Aims/hypothesis: The aim of this study was to analyse the risk profile for diabetic retinopathy under real-life conditions in a large cohort of patients with type 1 diabetes.
Methods: Patients (n = 18,891) with childhood, adolescent or adult onset of type 1 diabetes from the prospective German Diabetes Documentation System survey were analysed. A total of 8,784 patients fulfilled the inclusion criterion, which was availability of retinopathy status. Retinopathy grading (any retinopathy, advanced retinopathy), treatment regimens and risk factors were prospectively recorded and tested as covariates by Kaplan-Meier analysis and logistic regression.
Results: Any retinopathy was present in 27.4% and advanced retinopathy (severe non-proliferative or proliferative diabetic retinopathy) in 8.0% of the cohort. After 40 years of diabetes, the cumulative proportion of patients with any retinopathy and advanced retinopathy was 84.1% and 50.2%, respectively. In multiple regression analysis, risk factors for any retinopathy were diabetes duration (OR 1.167 per year), HbA(1c) >7.0% (53 mmol/mol) (OR 2.225), smoking (OR 1.295) and male sex (OR 1.187) (p < 0.0001 for all). Young age at onset (5 vs 15 years at disease onset) was protective (0.410, p < 0.0001). No glycaemic threshold was detected for retinopathy protection. Risk factors for advanced retinopathy were duration (1.124 per year, p < 0.0001), male sex (1.323, p = 0.0020), HbA(1c) >7.0% (53 mmol/mol) (1.499, p < 0.0001), triacylglycerol >1.7 mmol/l (1.398, p = 0.0013) and blood pressure >140/90 mmHg (1.911, p < 0.0001).

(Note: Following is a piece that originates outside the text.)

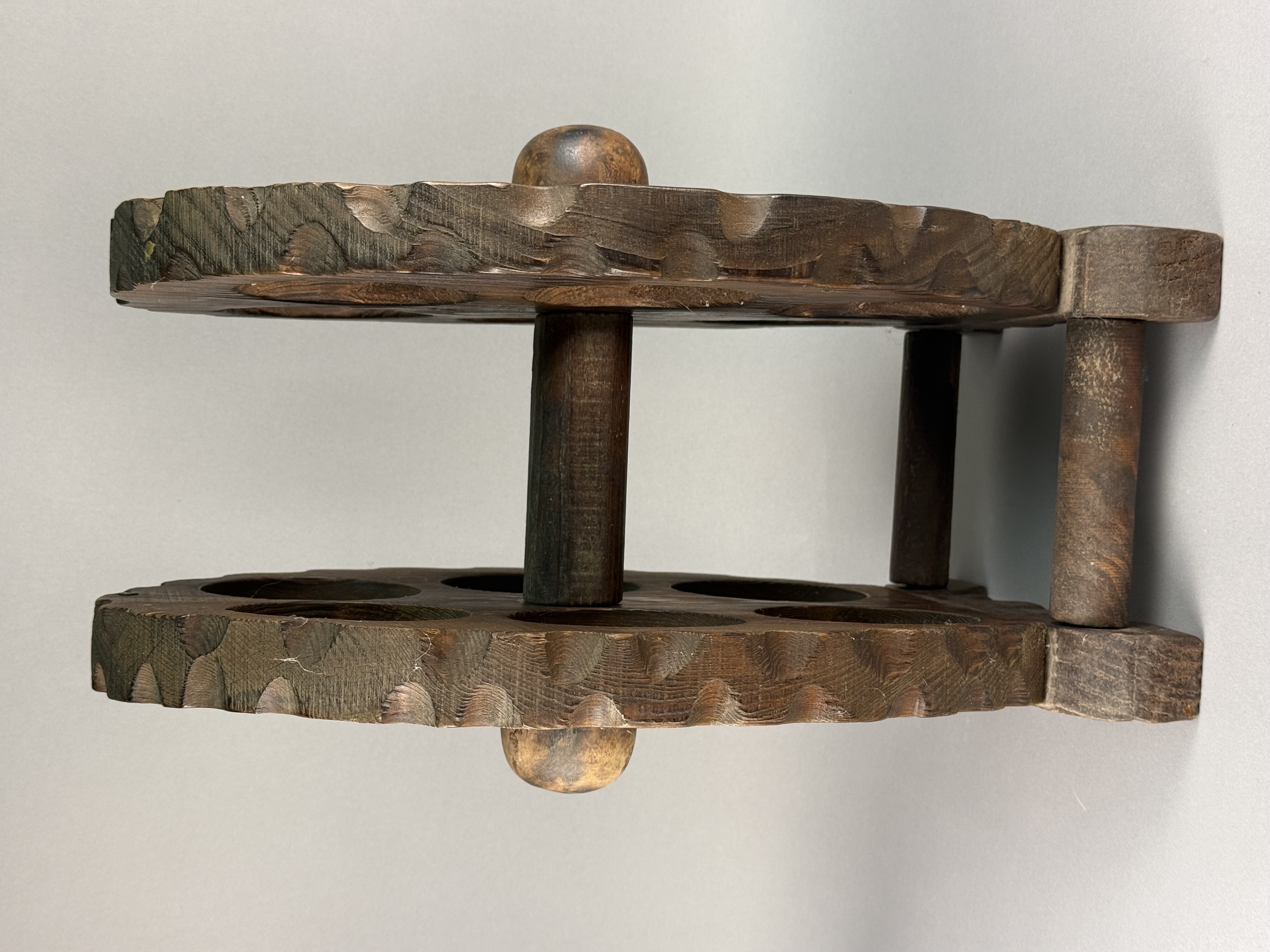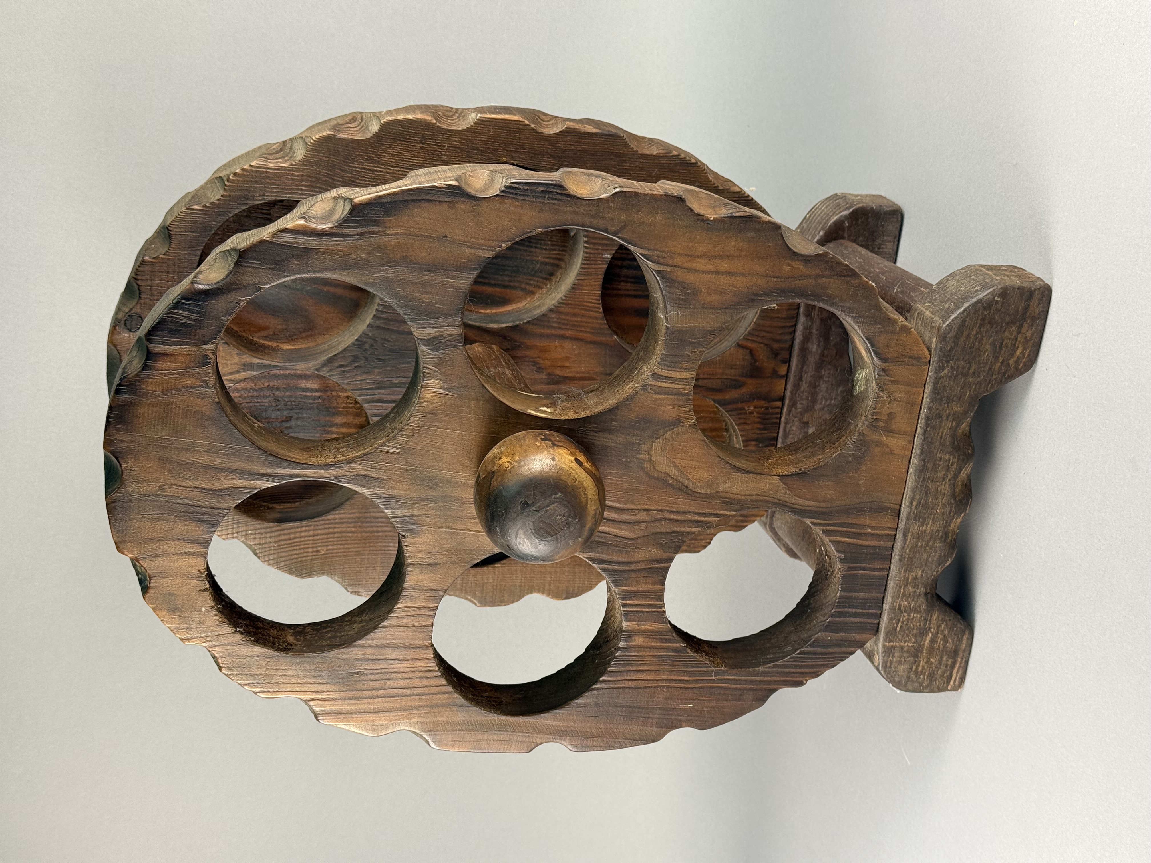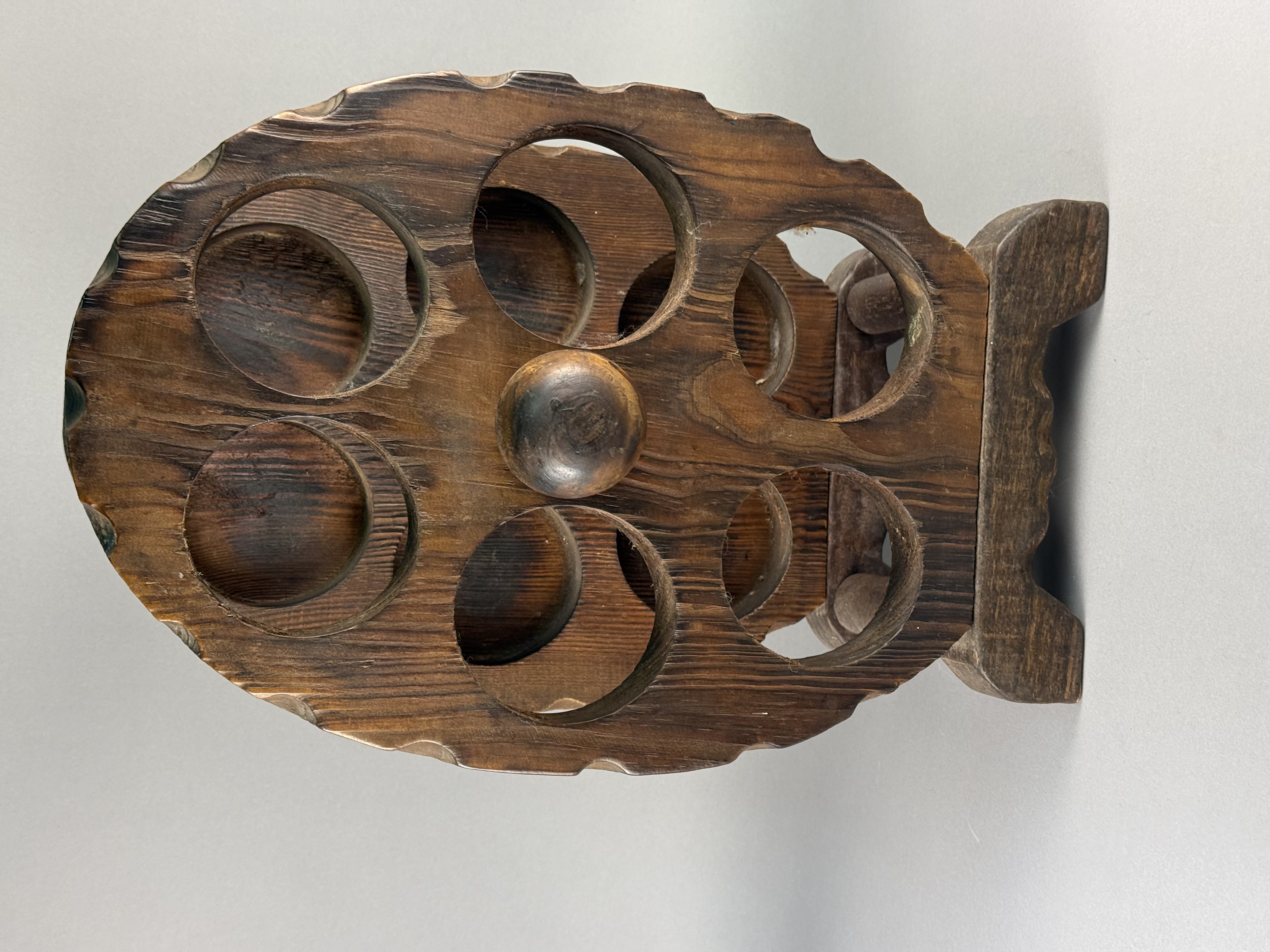 A rustic wooden tabletop bottle rack designed in the form of a six-shot revolver cylinder. The construction consists of two thick, oval-shaped wooden plates with decorative scalloped edges, each featuring six circular apertures for bottle storage. The plates are joined by a central wooden dowel and perimeter dowels, supported by a shaped flat base at one end. The wood is finished with a dark brown stain, highlighting a prominent grain pattern. No maker marks or signatures are visible on the base or body of the item.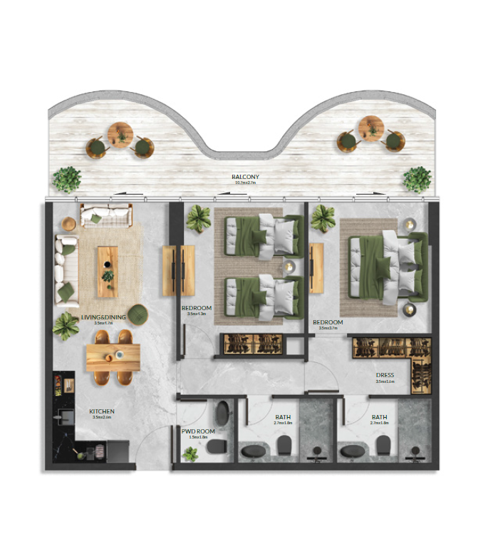 Willkommen in Ihrem neuen Zuhause! Treten Sie ein und lassen Sie sich von den luxuriösen Möglichkeiten dieser beeindruckenden 2-Zimmer-Wohnung begeistern. Die Family Seating Decks laden zu gemütlichen Abenden im Freien ein, während der Poolside

Conclusions/interpretation: The prevalence of retinopathy remains significant in type 1 diabetes. Any improvement of metabolic control and non-smoking is protective, while hypertension affects progression to severe levels under real-life conditions. These data reinforce the validity of multifactorial concepts for morbidity protection in type 1 diabetes.